Application in Technology and AI
First-principles thinking is particularly powerful in periods of technological transition:
- In computing, first principles were invoked by Carver Mead and Lynn Conway, who reimagined the semiconductor industry in the 1970s by establishing the foundational laws for microchip design, known as Mead-Conway methodology. This approach was cited by Huang as influential for predicting the physical limitations of transistor miniaturisation and motivating Nvidia’s focus on accelerated computing.
- Clayton Christensen, cited by Huang as an influence, introduced the idea of disruptive innovation, arguing that market leaders must question incumbent logic and anticipate non-linear shifts in technology. His books on disruption and innovation strategy have shaped how leaders approach structural shifts and avoid the “innovator’s dilemma”.
- The leap from von Neumann architectures to parallel, heterogenous, and ultimately AI-accelerated computing frameworks — as pioneered by Nvidia’s CUDA platform and deep learning libraries — was possible because leaders at Nvidia systematically revisited underlying assumptions about how computation should be structured for new workloads, rather than simply iterating on the status quo.

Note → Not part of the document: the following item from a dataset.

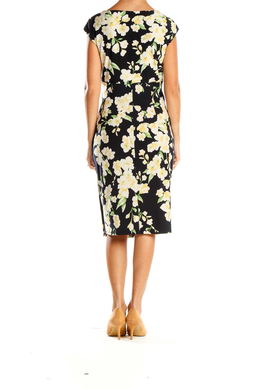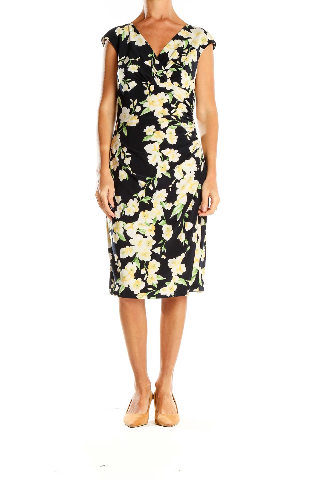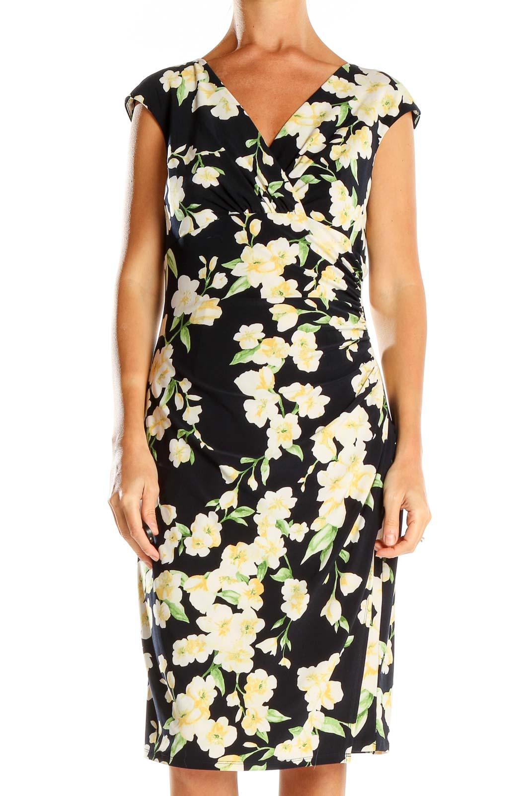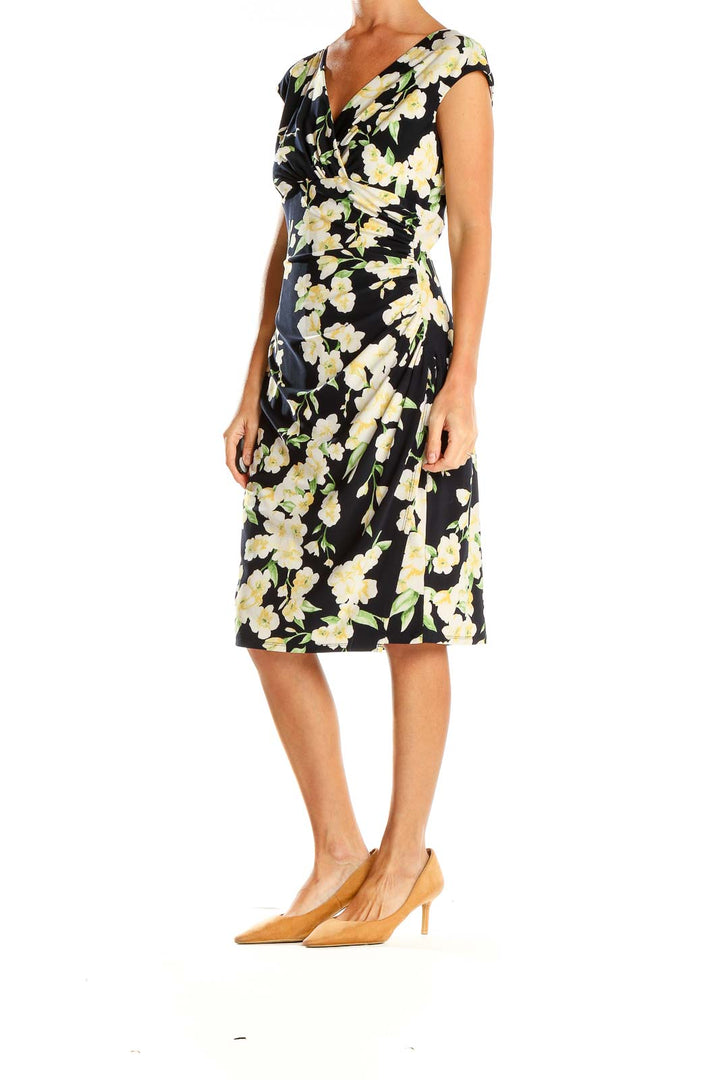 Elevate your wardrobe with this stunning black floral midi dress from Lauren Ralph Lauren. The elegant wrap-style silhouette features a flattering V-neckline and cap sleeves, perfect for both day and evening occasions. The dress showcases a beautiful yellow and white floral print against a rich black background, creating a sophisticated and feminine look.

- The AI revolution itself was catalysed by the “deep learning” paradigm, championed by Geoffrey Hinton, Yann LeCun, and Andrew Ng. Each demonstrated that previous architectures, which had reached plateaus, could be superseded by entirely new approaches, provided there was willingness to reinterpret the problem from mathematical and computational fundamentals.
Backstory of the Leading Theorists
The ecosystem that enabled Nvidia’s transformation is shaped by a series of foundational theorists:
- Mead and Conway: Their 1979 textbook and methodologies codified the “first-principles” approach in chip design, allowing for the explosive growth of Silicon Valley’s fabless innovation model.
- Gordon Moore: Moore’s Law, while originally an empirical observation, inspired decades of innovation, but its eventual slow-down prompted leaders such as Huang to look for new “first principles” to govern progress, beyond mere transistor scaling.
- Clayton Christensen: His disruption theory is foundational in understanding why entire industries fail to see the next shift — and how those who challenge orthodoxy from first principles are able to “see around corners”.
- Geoffrey Hinton, Yann LeCun, Andrew Ng: These pioneers directly enabled the deep learning revolution by returning to first principles on how learning — both human and artificial — could function at scale. Their work with neural networks, widely doubted after earlier “AI winters”, was vindicated with landmark results like AlexNet (2012), enabled by Nvidia GPUs.
Implications
Jensen Huang’s quote is neither idle philosophy nor abstract advice — it is a methodology proven repeatedly by his own journey and by the history of technology. It is a call to scrutinise assumptions, break complex structures to their most elemental truths, and reconstruct strategy consciously from the bedrock of what is not likely to change, but also to ask: on what foundation do these principles rest, and how will these foundations themselves evolve.
Organisations and individuals who internalise this approach are equipped not only to compete in current markets, but to invent new ones — to anticipate and shape the next paradigm, rather than reacting to it.